> **Source information**
○ ○ ○
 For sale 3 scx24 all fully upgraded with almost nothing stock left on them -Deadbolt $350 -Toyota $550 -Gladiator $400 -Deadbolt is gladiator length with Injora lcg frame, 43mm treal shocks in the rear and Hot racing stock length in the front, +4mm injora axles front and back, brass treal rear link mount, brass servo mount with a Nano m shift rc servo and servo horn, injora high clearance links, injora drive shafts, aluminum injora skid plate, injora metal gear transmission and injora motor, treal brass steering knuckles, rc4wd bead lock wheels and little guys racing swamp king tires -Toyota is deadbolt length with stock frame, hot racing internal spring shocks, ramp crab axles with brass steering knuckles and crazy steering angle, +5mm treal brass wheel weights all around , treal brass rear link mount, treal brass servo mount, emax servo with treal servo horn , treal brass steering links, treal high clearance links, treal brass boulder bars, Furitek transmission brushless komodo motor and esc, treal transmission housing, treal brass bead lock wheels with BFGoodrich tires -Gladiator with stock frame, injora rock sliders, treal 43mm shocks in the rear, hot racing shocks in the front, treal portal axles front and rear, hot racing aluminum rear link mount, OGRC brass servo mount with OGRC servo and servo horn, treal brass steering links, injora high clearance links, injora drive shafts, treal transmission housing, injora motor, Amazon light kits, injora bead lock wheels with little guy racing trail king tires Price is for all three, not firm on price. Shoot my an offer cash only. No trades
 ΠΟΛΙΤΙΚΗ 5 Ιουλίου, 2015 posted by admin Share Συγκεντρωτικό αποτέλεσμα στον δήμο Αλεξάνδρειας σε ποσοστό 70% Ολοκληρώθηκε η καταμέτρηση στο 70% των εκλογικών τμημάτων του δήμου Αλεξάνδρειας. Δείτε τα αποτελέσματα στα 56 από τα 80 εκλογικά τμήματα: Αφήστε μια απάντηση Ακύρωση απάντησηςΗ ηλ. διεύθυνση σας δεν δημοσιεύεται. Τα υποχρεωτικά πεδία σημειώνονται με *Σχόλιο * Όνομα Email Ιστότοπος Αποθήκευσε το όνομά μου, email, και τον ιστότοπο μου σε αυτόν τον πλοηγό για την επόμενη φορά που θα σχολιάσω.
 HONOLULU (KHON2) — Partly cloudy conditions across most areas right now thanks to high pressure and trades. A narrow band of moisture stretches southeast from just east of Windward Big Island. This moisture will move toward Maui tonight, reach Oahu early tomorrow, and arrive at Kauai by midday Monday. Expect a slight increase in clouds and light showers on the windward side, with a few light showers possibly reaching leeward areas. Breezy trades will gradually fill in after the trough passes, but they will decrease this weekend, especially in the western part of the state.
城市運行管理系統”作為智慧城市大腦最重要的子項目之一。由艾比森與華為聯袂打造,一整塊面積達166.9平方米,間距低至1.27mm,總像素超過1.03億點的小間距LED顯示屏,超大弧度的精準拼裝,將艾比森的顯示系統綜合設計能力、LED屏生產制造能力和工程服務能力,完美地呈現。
○ ○ ○
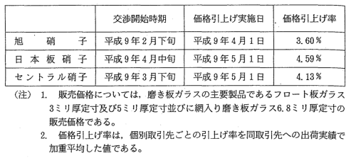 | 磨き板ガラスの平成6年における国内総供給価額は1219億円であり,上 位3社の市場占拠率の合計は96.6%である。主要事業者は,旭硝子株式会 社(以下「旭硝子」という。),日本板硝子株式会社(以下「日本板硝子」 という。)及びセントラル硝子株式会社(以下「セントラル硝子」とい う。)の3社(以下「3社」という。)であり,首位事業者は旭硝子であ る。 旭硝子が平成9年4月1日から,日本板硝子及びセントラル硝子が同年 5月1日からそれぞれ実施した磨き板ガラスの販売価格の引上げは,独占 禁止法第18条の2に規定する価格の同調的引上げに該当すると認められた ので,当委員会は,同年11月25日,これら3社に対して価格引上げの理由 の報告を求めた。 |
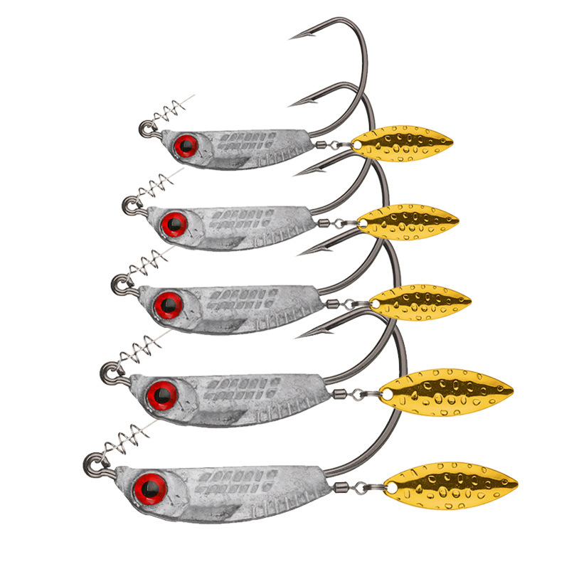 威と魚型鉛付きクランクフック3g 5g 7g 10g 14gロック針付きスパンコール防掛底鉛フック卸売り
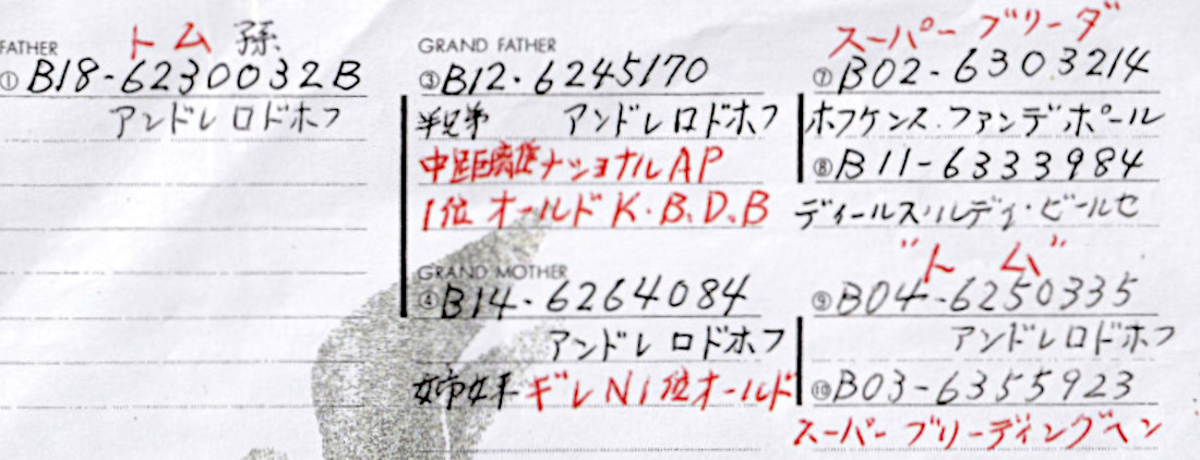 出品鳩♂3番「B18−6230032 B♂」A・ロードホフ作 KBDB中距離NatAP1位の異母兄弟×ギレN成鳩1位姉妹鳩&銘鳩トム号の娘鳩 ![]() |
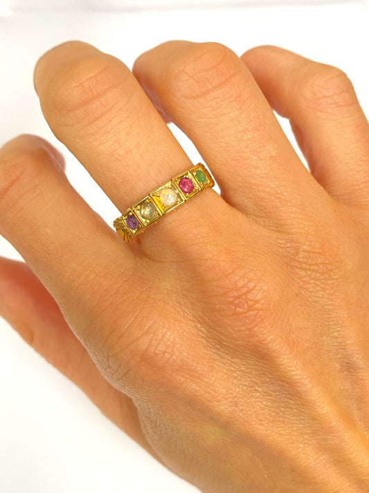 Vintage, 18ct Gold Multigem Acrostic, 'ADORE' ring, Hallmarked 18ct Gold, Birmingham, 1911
○ ○ ○
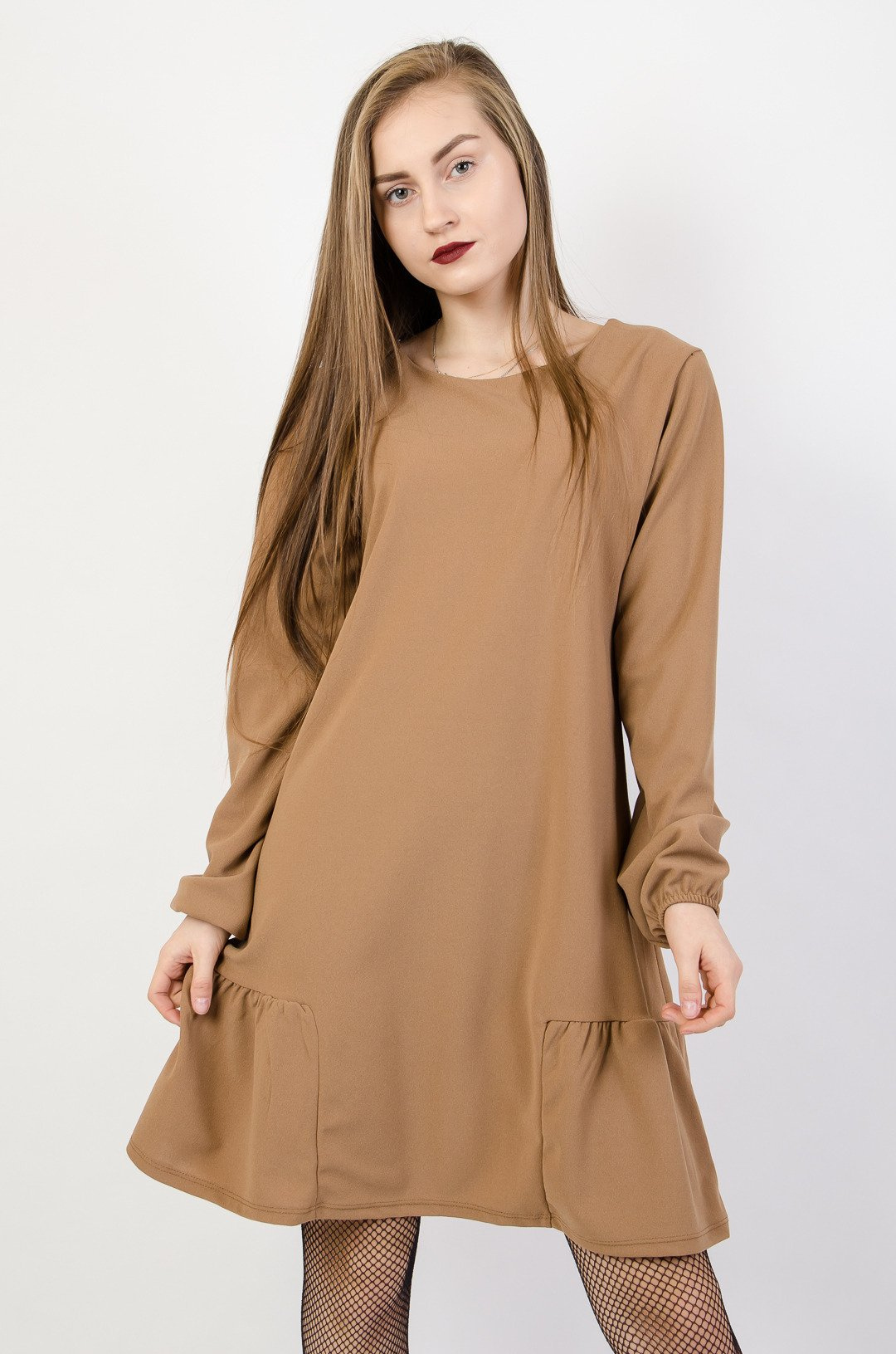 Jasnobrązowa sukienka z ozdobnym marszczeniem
○ ○ ○
> **Exercise details**
Working from the records above, set down word for word everything from the line containing "KBDB中距離NatAP1位の異母兄弟×ギレN成鳩1位姉妹鳩&銘鳩トム号の娘鳩 ![]() |" down to the line containing "Vintage, 18ct Gold", ends included, minus the pictures.

> **Task response**
 出品鳩♂3番「B18−6230032 B♂」A・ロードホフ作 KBDB中距離NatAP1位の異母兄弟×ギレN成鳩1位姉妹鳩&銘鳩トム号の娘鳩 ![]() |
 Vintage, 18ct Gold Multigem Acrostic, 'ADORE' ring, Hallmarked 18ct Gold, Birmingham, 1911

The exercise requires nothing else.